Drugi set stał już na niższym poziomie. Zawodnicy obu drużyn prześcigali się w błędach, miejscowi popełniali ich więcej, szczególnie szwankowała zagrywka i jej przyjęcie. Na szczęście w kolejnych partiach było już lepiej. U miejscowych zaczął funkcjonować blok. Trzeba jednak przyznać, że zadanie ułatwiali im rywale popełniając sporo błędów, zwłaszcza przy zagrywce.

Po raz drugi z rzędu drużyna AZS WSPol. zagrała bez Arkadiusza Wiśniewskiego.
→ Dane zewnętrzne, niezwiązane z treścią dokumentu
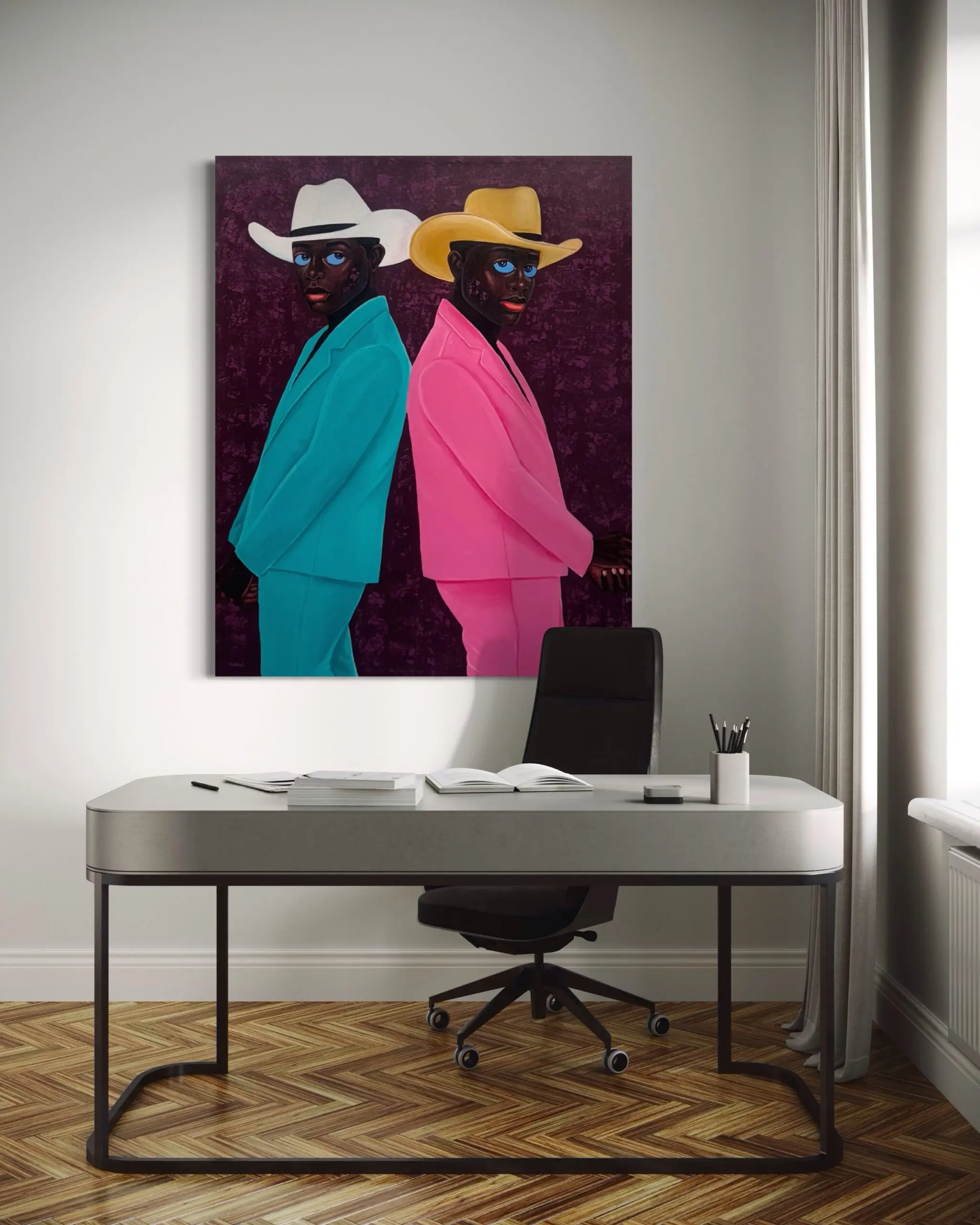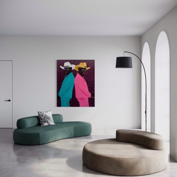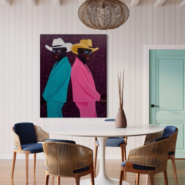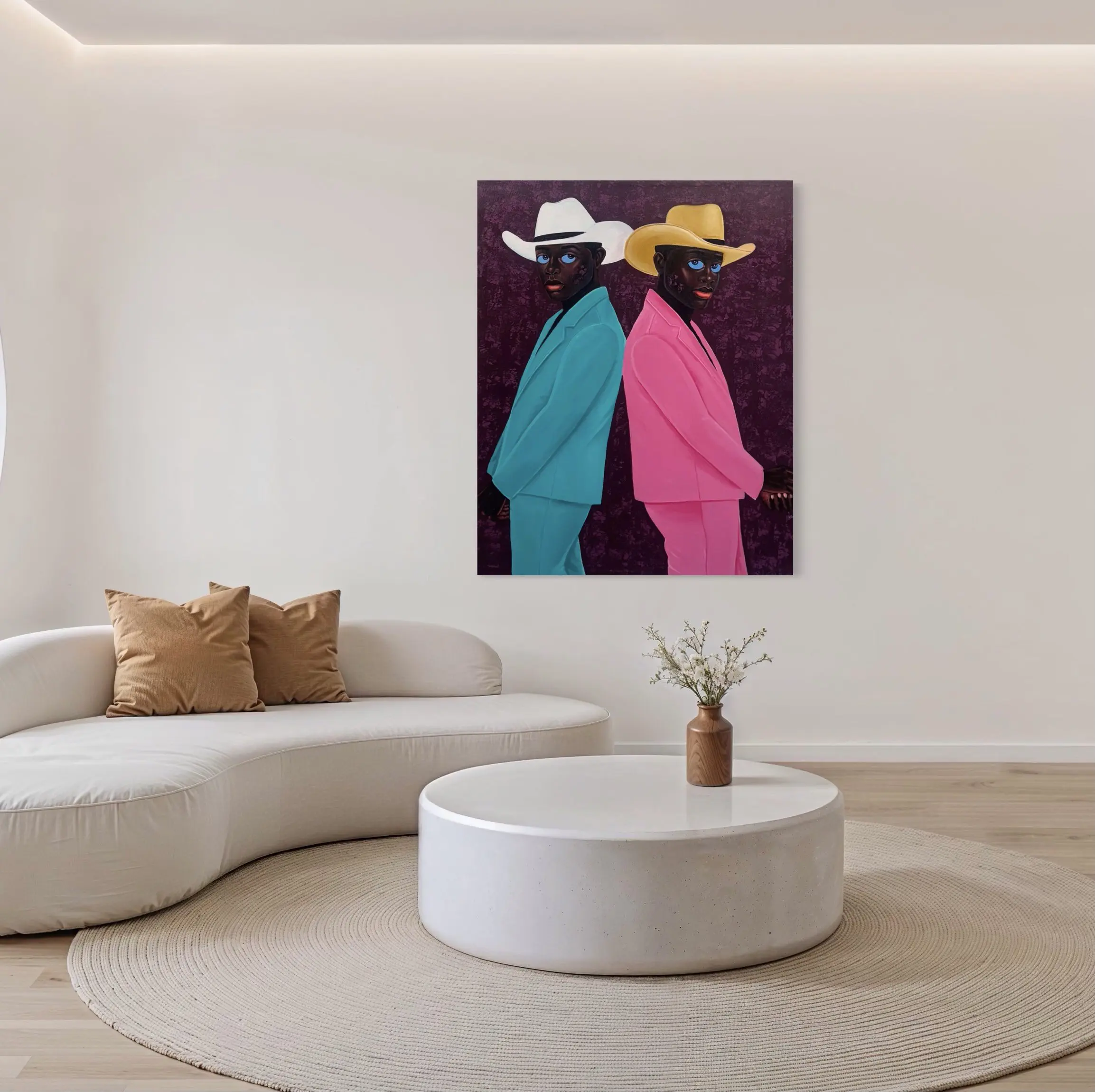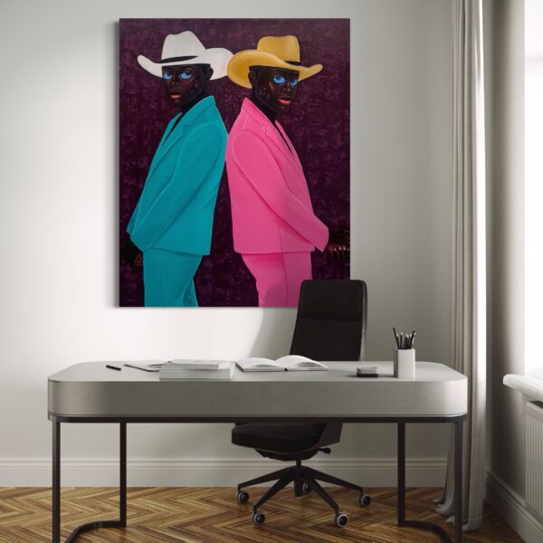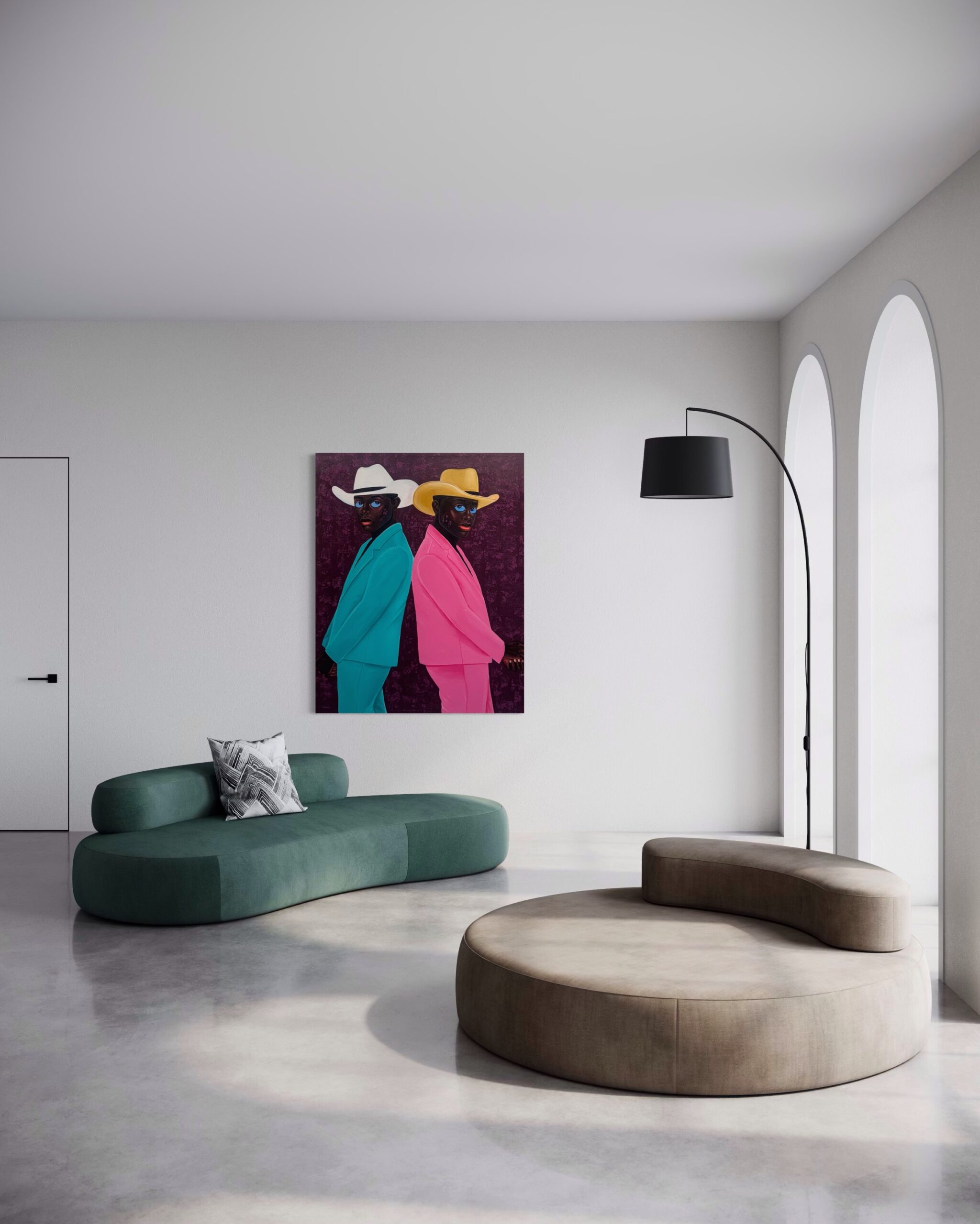 Two men stand back-to-back, their mirrored poses creating both tension and harmony. One is dressed in a vibrant turquoise suit paired with a crisp white cowboy hat, while the other wears a bold pink suit topped with a golden hat. Their piercing blue eyes — a defining signature of Philip Letsu’s paintings — anchor the composition, engaging the viewer with a gaze that feels both direct and enigmatic. The deep plum background, richly textured, heightens the contrast of their colorful attire and frames the figures in a dramatic, timeless stage.

- Ze względów zawodowych nie dojechałem na mecz ze STOLARKĄ, a w siatkówce obowiązuje zasada, że zwycięskiego składu się nie zmienia - mówi środkowy AZS WSPol. - Dziś moi koledzy znów wygrali, a to znaczy, że dalej grać będą beze mnie. Z jednej strony jest to przykre, z drugiej cieszę się, że powoli mogę się już przygotowywać do opuszczenia drużyny. Okazuje się, że obecność rutyniarza nie jest konieczna, może tylko czasami. I o to chodzi. Widać, że zespół dojrzewa. Bardziej jesteśmy ze sobą zżyci i lepiej się rozumiemy. Dziś bardzo mi się podobał Przemek Polechoński - mądrze prowadzący grę, Paweł Szabelski - dobrze sobie radzący w bloku i ataku oraz libero Andrzejewski - niemal bezbłędnie przyjmujący przez cały mecz.

CZARNI Radom - AZS POLITECHNIKA Warszawa 1:3 (-24,-17, 22,-23)

MKS Andrychów - STOLARKA Wołomin 3:1 (17, 17,-21, 23)

AZS Opole - AVIA Świdnik 2:3 (-21, 21, 23,-23,-11)

pauzował: BBTS SIATKARZ-ORIGINAL Bielsko-Biała

awansem: SMS I Spała - GÓRNIK Radlin 0:3 (-21,-16,-15)

Wyniki z 13. kolejki ze środy 8 stycznia:

STOLARKA Wołomin - AZS WSPol. Szczytno 0:3 (-16,-22,-24)

AZS WSPol.: Polechoński, Główczyński, Szabelski, Kempisty, Kurian, Mierzejewski, Andrzejewski (libero) oraz Alancewicz

Akademikom ze Szczytna udał się rewanż za przegraną u siebie w pierwszej rundzie. O zwycięstwie zadecydowała przede wszystkim ich skuteczna gra w bloku oraz kąśliwe zagrywki Polechońskiego i jego umiejętne rozgrywanie piłki.

CHEMIK Bydgoszcz - AZS Opole 3:1 (23, 22,-21, 19)

GÓRNIK Radlin - MKS Andrychów 3:0 (18, 20, 18)

BBTS SIATKARZ-ORIGINAL Bielsko-Biała - CZARNI Radom 0:3 (-20,-14,-21)

awansem: POLITECHNIKA Warszawa - SMS I Spała 3:0

pauzowała AVIA Świdnik

Tabela

1.POLITECHNIKA 10- 3 23 35:14 2.GÓRNIK 9- 4 22 32:18 3.CHEMIK 8- 5 21 29:21

4.WSPol. 7- 6 20 28:21

5.AVIA 7- 5 19 25:17 6.CZARNI 7- 5 19 24:19 7.BBTS 7- 5 19 28:23 8.MKS 6- 7 19 21:30 9.STOLARKA 5- 8 18 18:31 10.OPOLE 3-10 16 17:32

 

11.SMS I		 1-12 14 10:35

 

W najbliższą sobotę AZS WSPol. spotka się na wyjeździe z AVIĄ Świdnik.